What Is LlamaIndex? Exploring the World of LLM Orchestration Frameworks

8 min readNov 6


by Bill McLane

Image: Unsplash

With the rapid integration of generative AI into the application development process we are seeing an increasing need to be able to integrate our own private data with public data that is being used to train large language models (LLMs). The challenge this presents is that most private data is unstructured, siloed, and not in a format that can be readily accessible by LLMs.

In a recent webinar on Large Language Models for the Enterprise, we explored how LLMs can be used for applications beyond ChatGPT and how private data needs to be used to augment the public data that generally available LLMs are trained on. This is where solutions like LlamaIndex come into play as they provide an orchestration framework for building LLM apps using built-in tools to ingest and query private data.

Come with us and see how LlamaIndex can be used as a framework for data integration, data organization, and data retrieval for all your private data generative AI needs.

What is LlamaIndex?

As stated earlier, LlamaIndex is an orchestration framework or “data framework” that simplifies building LLM applications. It provides the ability to perform data augmentation of private data, enabling it to be incorporated into LLMs for knowledge generation and reasoning.

At the heart of all generative AI functionality is data. Enterprise applications need to be able to access more than just the public data that LLMs are trained on and need to incorporate structured, unstructured, and semi-structured data from all their internal and external data sources for building applications.

It is this integration of data the LlamaIndex provides. Bringing in data from multiple unique sources. Embedding that data as vectors. Storing that newly vectorized data in a vector database. Ultimately, allowing for that data to be used by applications to perform complex operations with low latency response times like vector search.


  • Simplified data ingestion connecting existing data sources like API’s, PDF’s, SQL, NoSQL, documents, etc. for use with LLM applications.
  • Natively store and index private data for use across different application use cases, with native integration with downstream vector store/vector databases.
  • Built-in query interface, providing the ability to return knowledge-augmented responses from input prompts on your data.

Use Cases

  • Building natural language chatbots that provide real-time interaction with your product documentation for natural customer engagement.
  • Building cognitively aware knowledge agents that can respond to changing decision trees based on a constantly growing knowledge basis.
  • Interact with large volumes of structured data using natural language and human interaction.
  • Augment public data with private knowledge corpus providing application-specific engagement.

How does LlamaIndex work?

LlamaIndex, formerly known as GPT Index, is a framework that provides the tools needed to manage the end-to-end lifecycle for building LLM-based applications. The challenge with building LLM-based applications is that they need data, typically from multiple different sources, and unless there is strong adherence to a common data representation the data required is in many different formats, some highly structured, some unstructured, and some in between.

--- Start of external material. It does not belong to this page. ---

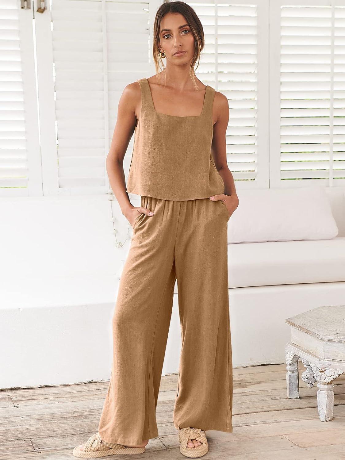 imageANRABESS Womens 2 Piece Outfits Linen Pants Jumpsuit Matching Lounge Set Casual Summer Beach Vacation Trendy ClothesLight Brown

That is where LlamaIndex provides the toolbox to unlock this data with tools for data ingestion and data indexing. Once ingested and indexed, retrieval augmented generation (RAG) applications can use the LlamaIndex query interface for accessing that data and powering LLMs.


LlamaIndex has hundreds of data loaders that provide the ability to connect custom data sources to LLMs. It connects pre-built solutions like Airtable, Jira, Salesforce and more to generic plugins for loading data from files, JSON documents, simple csv, and unstructured data.

A complete list of data loaders can be found on the Llama Hub.


Once data is ingested, it needs to be mathematically represented so that it can be easily queried by an LLM. With LlamaIndex, an index simply provides the ability to represent data mathematically in multiple different dimensions. Indexing data isn’t a new concept however with machine learning, we can expand the granularity of indexing from one or two dimensions (key/value representation for example) to hundreds or thousands of dimensions.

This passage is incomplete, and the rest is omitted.